Non-performing assets declined to $4.7 million or 0.4% of total assets at June 30, 2017, compared to $6.2 million or 0.6% of total assets at June 30, 2016. The decline in non-performing assets is primarily due to a $1.3 million decrease in non-accrual loans. Non-performing loans include $4.4 million in commercial and residential mortgage loans, $18,000 in acquisition, development and construction ("AD&C") loans and $269,000 in other loans at June 30, 2017, as compared to $5.8 million in commercial and residential mortgage loans, $36,000 in AD&C loans and $184,000 in other loans at June 30, 2016.

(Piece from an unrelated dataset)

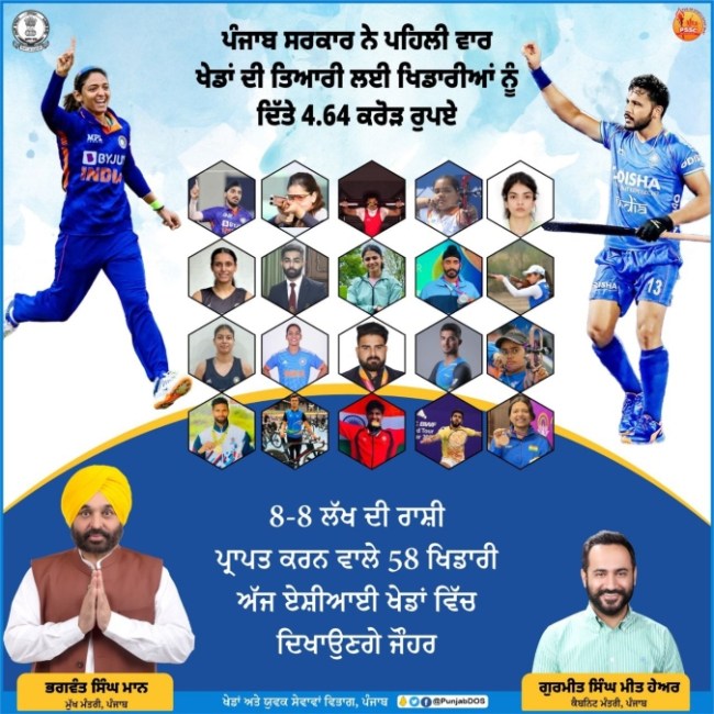 рдореАрдд рд╣реЗрдпрд░ рдиреЗ рдХрд╣рд╛ рдХрд┐ рдкрдВрдЬрд╛рдм рдХреЗ рдореБрдЦреНрдпрдордВрддреНрд░реА рд╕реАрдПрдо рднрдЧрд╡рдВрдд рд╕рд┐рдВрд╣ рдорд╛рди рдХреЗ рдирд┐рд░реНрджреЗрд╢реЛрдВ рдкрд░ рдмрдирд╛рдИ рдирдпреА рдЦреЗрд▓ рдиреАрддрд┐ рднреА рдПрд╢рд┐рдпрд╛рдИ рдЦреЗрд▓реЛрдВ рд╕реЗ рдЬрд╝рдореАрдиреА рд╕реНрддрд░ рдкрд░ рд▓рд╛рдЧреВ рд╣реЛ рдЧрдИ рд╣реИ рдФрд░ рдЗрди рдЦреЗрд▓реЛрдВ рдореЗрдВ рд╣рд┐рд╕реНрд╕рд╛ рд▓реЗрдиреЗ рдЬрд╛ рд░рд╣реЗ рдкрдВрдЬрд╛рдм рдХреЗ 58 рдЦрд┐рд▓рд╛рдбрд╝реА рдкреНрд░рддрд┐ рдЦрд┐рд▓рд╛рдбрд╝реА 8 рд▓рд╛рдЦ рд░реБрдкрдП рдХреЗ рд╣рд┐рд╕рд╛рдм рдХреЗ рд╕рд╛рде рдХреБрд▓ 4.64 рдХрд░реЛрдбрд╝ рд░реБрдкрдП рджрд┐рдП рдЧрдПред рдкрд╣рд▓реА рдмрд╛рд░ рдЦрд┐рд▓рд╛рдбрд╝рд┐рдпреЛрдВ рдХреЛ рддреИрдпрд╛рд░реА рдХреЗ рд▓рд┐рдП рдирдХрдж рдЗрдирд╛рдо рд░рд╛рд╢рд┐ рджреЗрдиреЗ рдХреА рд╢реБрд░реБрдЖрдд рдХреА рдЧрдИ рд╣реИред рдЦреЗрд▓ рдордВрддреНрд░реА рдиреЗ рдЦрд┐рд▓рд╛рдбрд╝рд┐рдпреЛрдВ рдХреЛ рд╣реМрд╕рд▓рд╛ рдЕрдлрдЬрд╝рд╛рдпреА рдХреЗ рд▓рд┐рдП рдирдХрдж рдЗрдирд╛рдо рд░рд╛рд╢рд┐ рджреЗрдиреЗ рдХреЗ рд▓рд┐рдП рдореБрдЦреНрдпрдордВрддреНрд░реА рдХрд╛ рд╡рд┐рд╢реЗрд╖рддрдГ рдзрдиреНрдпрд╡рд╛рдж рдХрд┐рдпрд╛, рдЬрд┐рдирдХреЗ рдХрд╛рд░рдг рдкрдВрдЬрд╛рдм рдЦреЗрд▓ рдХреА рддреИрдпрд╛рд░реА рдХреЗ рд▓рд┐рдП рдирдХрдж рд░рд╛рд╢рд┐ рджреЗрдиреЗ рд╡рд╛рд▓рд╛ рдкрд╣рд▓рд╛ рд░рд╛рдЬреНрдп рдмрдирд╛ред рдЙрдиреНрд╣реЛрдВрдиреЗ рдХрд╣рд╛ рдХрд┐ рдПрд╢рд┐рдпрд╛рдИ рдЦреЗрд▓реЛрдВ рдореЗрдВ рд╕реНрд╡рд░реНрдг, рд░рдЬрдд рдФрд░ рдХрд╛рдВрд╕реНрдп рдкрджрдХ рдЬреАрддрдиреЗ рд╡рд╛рд▓реЗ рдкрдВрдЬрд╛рдмреА рдЦрд┐рд▓рд╛рдбрд╝рд┐рдпреЛрдВ рдХреЛ рдЗрдирд╛рдо рд░рд╛рд╢рд┐ рдХреЗ рддреМрд░ рдкрд░ рдХреНрд░рдорд╡рд╛рд░ рдПрдХ рдХрд░реЛрдбрд╝ рд░реБрдкрдП, 75 рд▓рд╛рдЦ рдФрд░ 50 рд▓рд╛рдЦ рд░реБрдкрдП рдорд┐рд▓реЗрдВрдЧреЗред

The allowance for loan losses at June 30, 2017 was $7.2 million or 0.96% of total loans, compared to $8.5 million or 1.2% of total loans at June 30, 2016. Management believes the current level of the allowance for loan losses is adequate; however, there is no assurance that additional adjustments to the allowance will not be required because of changes in economic conditions, regulatory requirements or other factors.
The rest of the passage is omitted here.